Comment 14 Nir Soffer 2018-12-11 14:38:08 UTC
Returning needinfo for Eric.

Eric, see comment 7, is it possible that the upstream bug sneaked into
qemu-img-rhev?

Comment 15 Elad 2018-12-23 09:19:57 UTC
The bug occurs both on RHV 4.3 and 4.2.7 with RHEL7.6 and not on RHV 4.1 with RHEL7.5.
According to that and to comment #7, this smells like a regression in RHEL7.6.
As we're waiting for a response from Eric for 12 days already, I'm moving this bug to RHEL7 for further investigation.

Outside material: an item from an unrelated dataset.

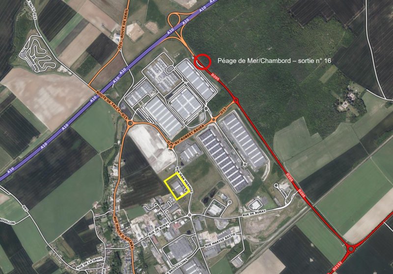 Situé en zone logistique de Mer dans le Loir-et-Cher, accès autoroute A10 à moins de 2km, sur un foncier de 3,7 ha, le site accueille à la location un ensemble de deux bâtiments, composé de :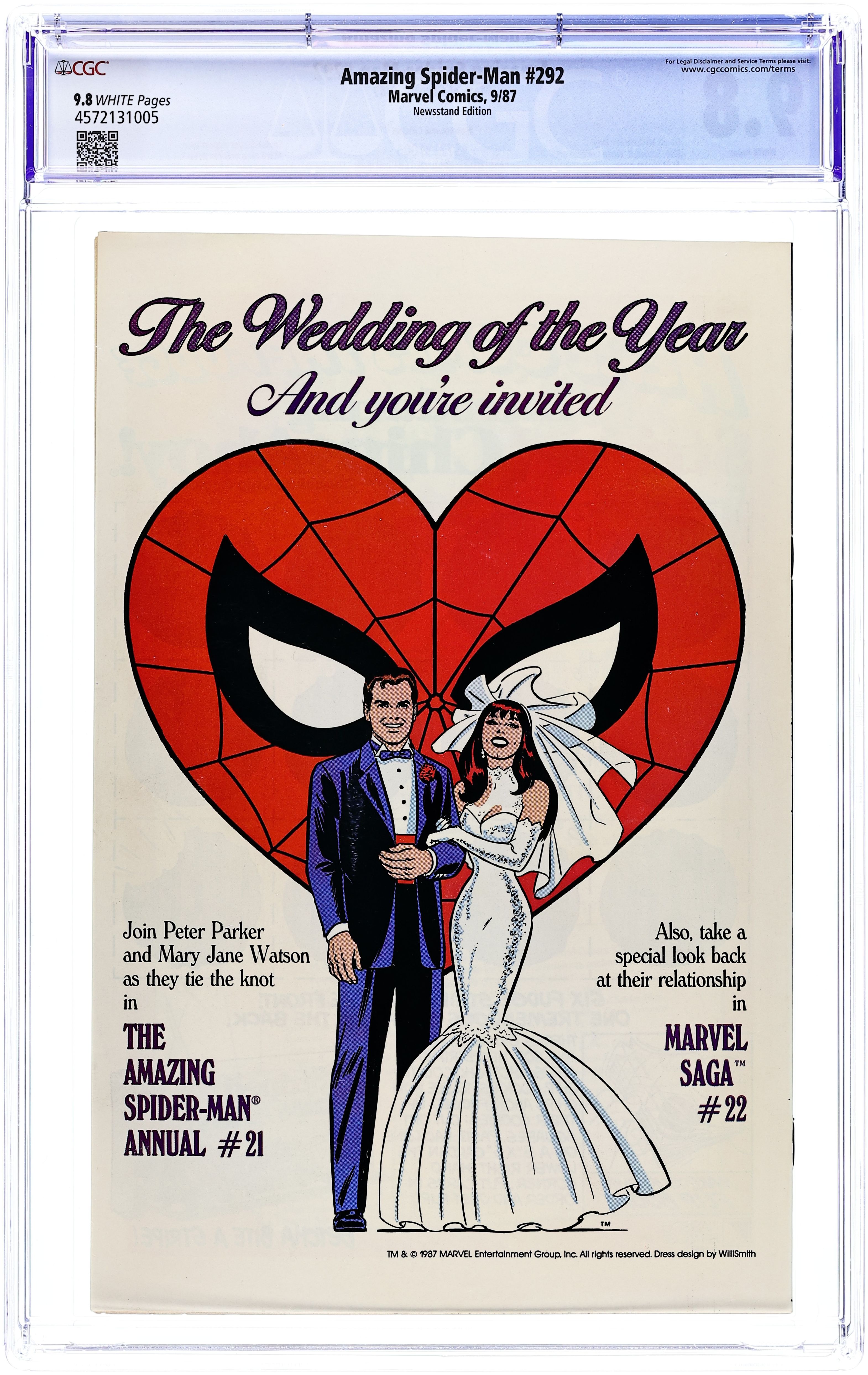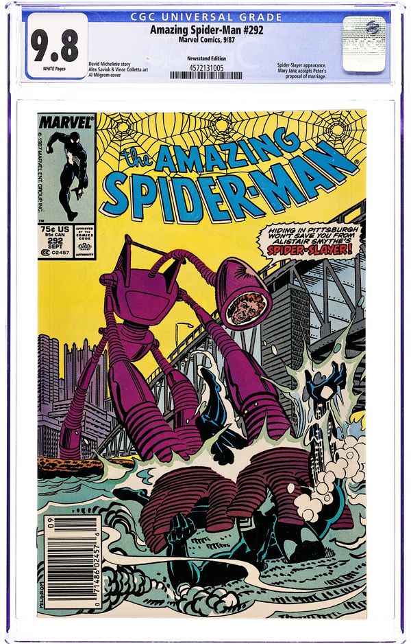 Newsstand Edition. "Growing Pains!" Part 3 of 3. Script by David Michelinie. Pencils by Alex Saviuk. Inks by Vince Colletta. Cover by Al Milgrom. At the confluence of the Allegheny, Monongahela, and Ohio rivers; the Amazing Spider-Man faces a double crisis! Alistar Smythe's spider-slayer roams the streets of Pittsburgh, while Mary Jane's crooked father attempts to steal a famous manuscript! First the wall-crawler and MJ have to smash the spider-slayer! And then turn the tables on the corrupt Philip Watson! If Peter and Mary Jane can score a double victory, they might just live happily ever after...together! Story continues in the landmark Amazing Spider-Man Annual 21. (Notes: In the final panel, Mary Jane accepts Peter's marriage proposal. Alistair Smythe returns in Amazing Spider-Man 368. The back cover features a full-page ad and cover preview of Amazing Spider-Man Annual 21 by John Romita Sr.) 36 pages. Cover price $0.75.

Comment 18 Eric Blake 2019-01-18 20:15:55 UTC
(In reply to Nir Soffer from comment #7)
> This a qemu-img bug:
> 

> We filed this bug:
> https://bugzilla.redhat.com/1589738

Filed against Fedora; now we're asking about RHEV.

> 
> It was fixed on 2018-08-21:
> https://bugzilla.redhat.com/show_bug.cgi?id=1589738#c7
> 

Re-reading that report, the commit in question is:

commit e0b371ed5e2db079051139136fd0478728b6a58f
Author: Eric Blake <eblake>
Date:   Mon Jun 11 16:39:26 2018 -0500

    qemu-img: Fix assert when mapping unaligned raw file
    
    Commit a290f085 exposed a latent bug in qemu-img map introduced
    during the conversion of block status to be byte-based.  Earlier in
    commit 5e344dd8, the internal interface get_block_status() switched
    to take byte-based parameters, but still called a sector-based
    block layer function; as such, rounding was added in the lone
    caller to obey the contract.  However, commit 237d78f8 changed
    get_block_status() to truly be byte-based, at which point rounding
    to sector boundaries can result in calling bdrv_block_status() with
    'bytes == 0' (a coding error) when the boundary between data and a
    hole falls mid-sector (true for the past-EOF implicit hole present
    in POSIX files).  Fix things by removing the rounding that is now
    no longer necessary.
    
    See also https://bugzilla.redhat.com/1589738
    
    Fixes: 237d78f8
    Reported-by: Dan Kenigsberg <danken>
    Reported-by: Nir Soffer <nsoffer>
    Reported-by: Maor Lipchuk <mlipchuk>
    CC: qemu-stable
    Signed-off-by: Eric Blake <eblake>
    Signed-off-by: Kevin Wolf <kwolf>

Multiple commits mentioned there; here's the upstream version breakdowns:
$ git describe --contains --match v\* a290f085 5e344dd8 237d78f8 e0b371e
v2.12.0-rc0~49^2~30
v2.11.0-rc0~23^2~20
v2.11.0-rc0~23^2~19
v3.0.0-rc0~84^2~25

Or, the problem was latent in 2.11, exposed in 2.12, and fixed in 3.0.  Next is to determine which of these commits exist on various downstream builds (either directly, or as backports):

RHEL7.5: qemu-kvm-rhev-2.10.0-21.el7_5.7, based on 2.10 and thus does not contain bug or fix in isolation; likewise, grepping:
$ git log v2.10.0..qemu-kvm-rhev-2.10.0-21.el7_5.7 comes up empty for any of those patches.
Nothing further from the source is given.